白いシャツに黒いスラックス、オーソドックスでかっちりとした格好が似合う湊平さんは呉服屋の社長だ。
中学の頃、両親が諦めて店じまいをした家業を大学を卒業する前に起業し直した。
和装は衰退していると言われるが小物や和カフェなど、様々なジャンルを掘り起こし、今や鳳家は飛ぶ鳥を落とす勢いと言われている。
彼自身も若く凛々しい実業家としてメディアに出ている。
テレビや経済誌の中にいる彼は有能でしっかりしている。

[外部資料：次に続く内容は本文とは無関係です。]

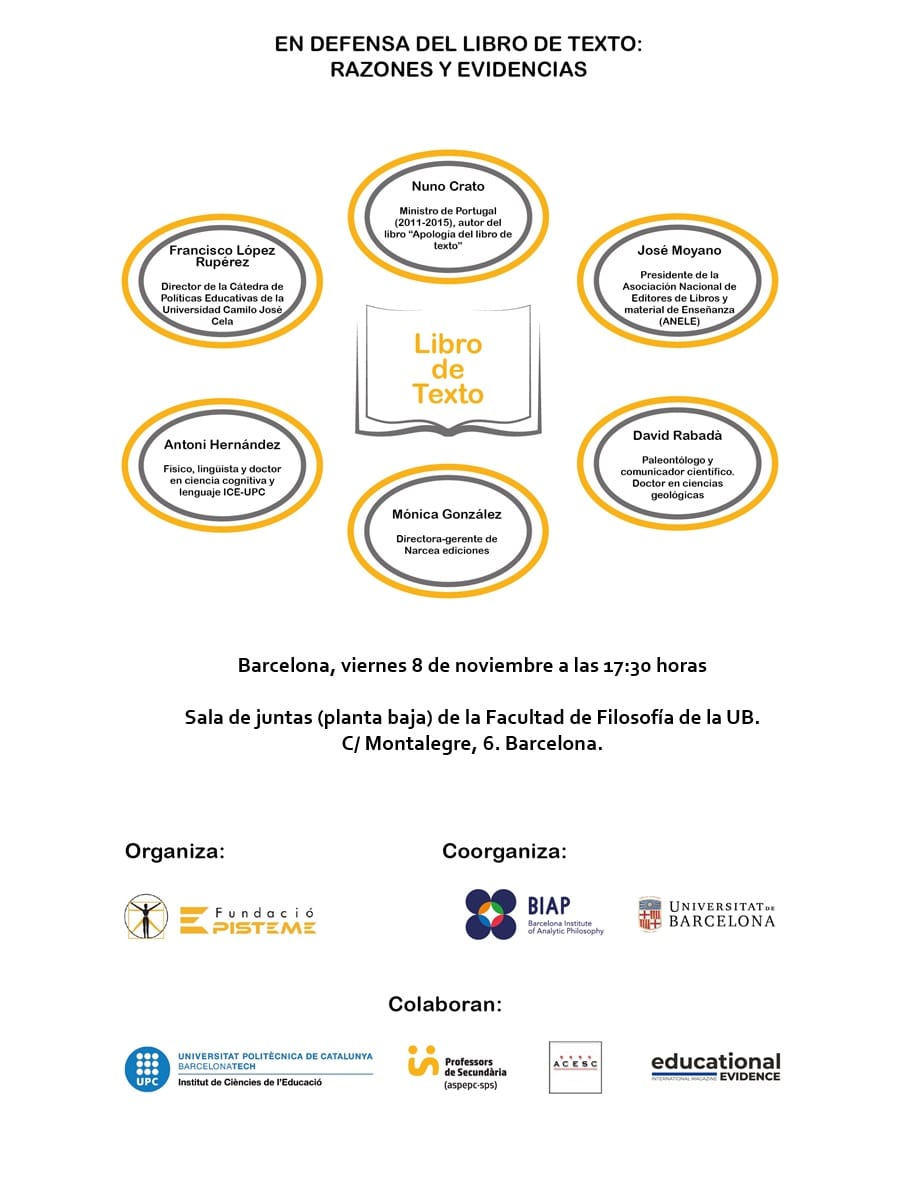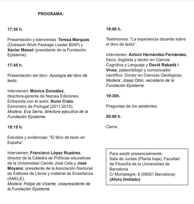 Con motivo de la reciente publicación del libro Apología del libro de texto (Narcea, 2024), la Fundación Episteme, en coorganización con Barcelona Institute of Analytic Philosophy (BIAP) de la Universidad de Barcelona, organiza un encuentro presencial con su autor, Nuno Crato (Ministro de Educación de Portugal 2011-2015), así como con destacados expertos: Mónica González (Narcea), Francisco López Rupérez (UCJC), José Moyano (ANELE), Toni Hernández (UPC) y David Rabadà (aspepc·sps).
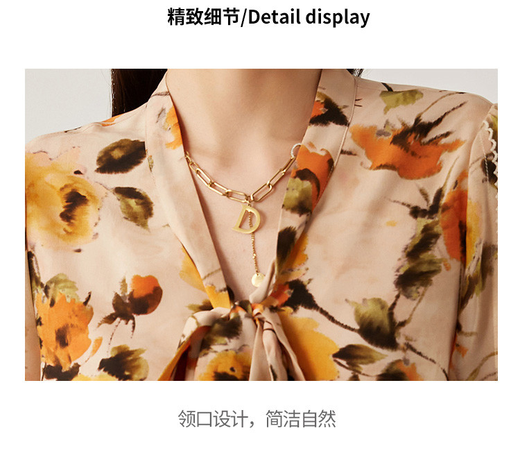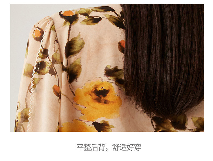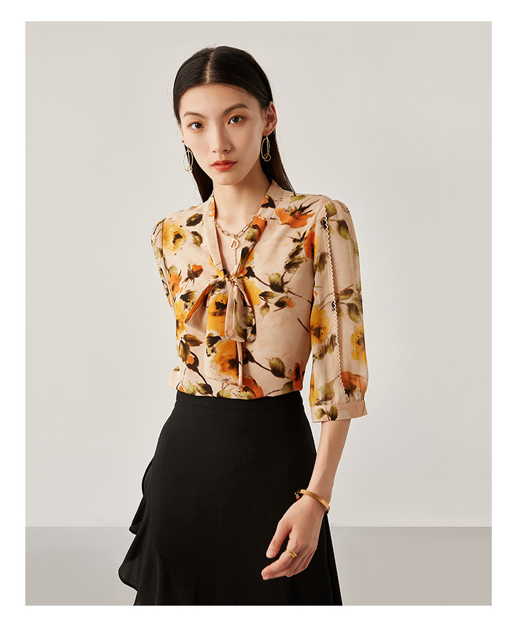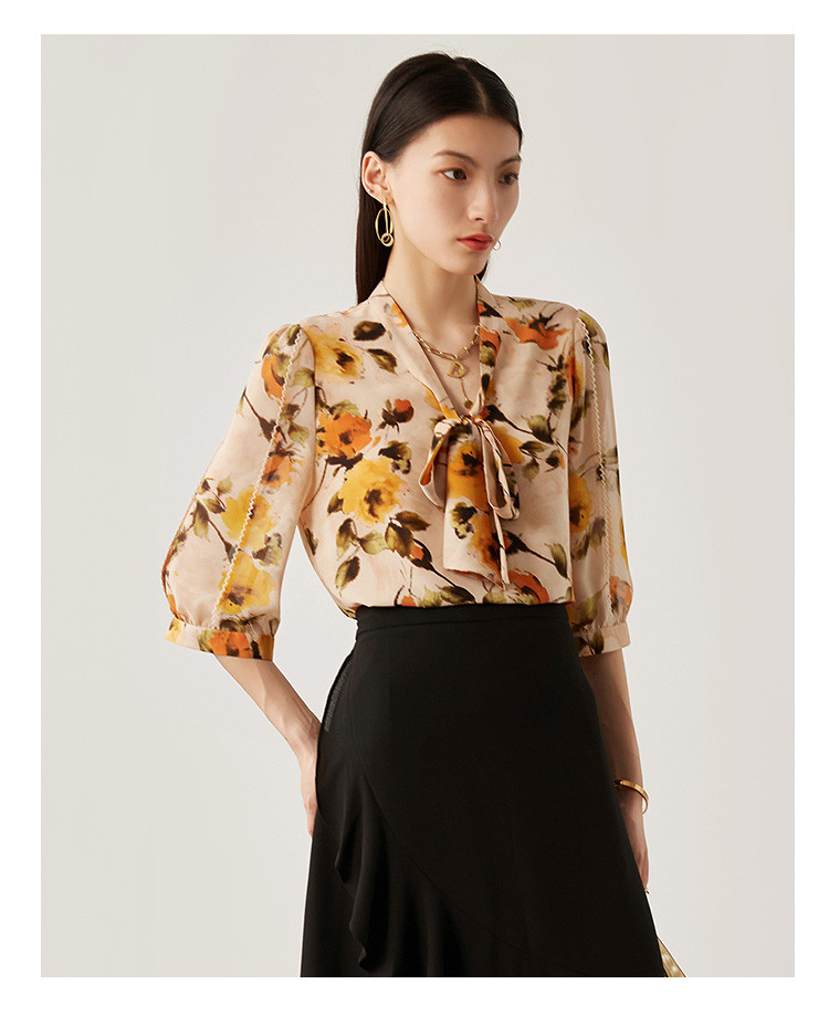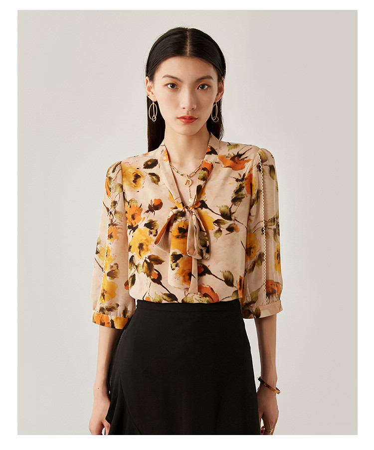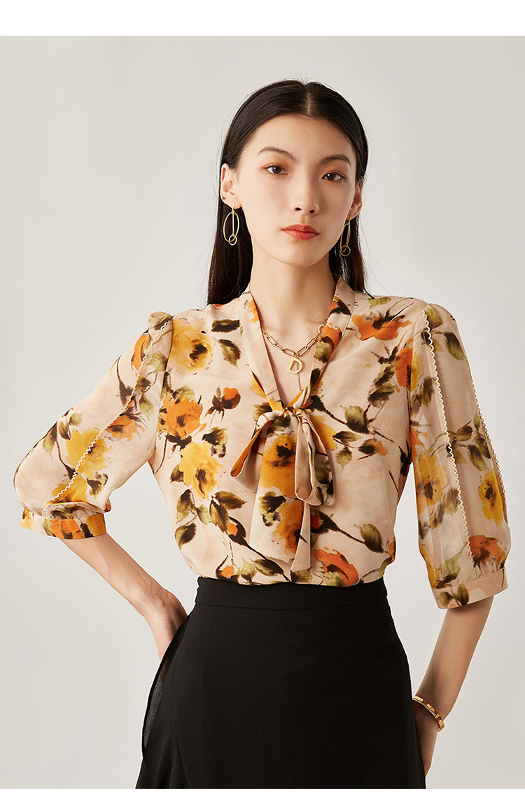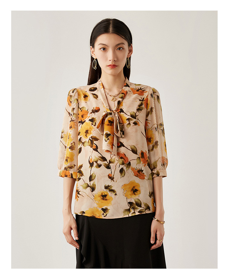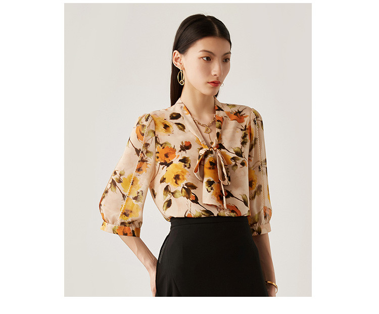 商品名称:【复古撞色印花衬衫】夏季新款女休闲田园风系带领七分袖上衣 139615

それなのに私といると「まるで思春期前半みたいだ」と湊平さんはぼやく。

「君は本当にむごいな」
「何がですか」
「俺の気持ちを知ってか知らずか涼しげだ」
「?」

ふと、湊平さんの眼差しが足元を見ているのに気付いた。

コルクでできたサンダルには紐があみこみになり、足首でリボン結びになっている。
少し透け感のあるレースと2枚仕立てになっているシフォンの膝丈プリーツスカート、それから脇が3枚フリルになっている白いカットソーも胸元はレースで少し透けている。

「え……嫌いですか」
「嫌いなわけがないだろう」
湊平さんは困ったように顎を人差し指で掻いた。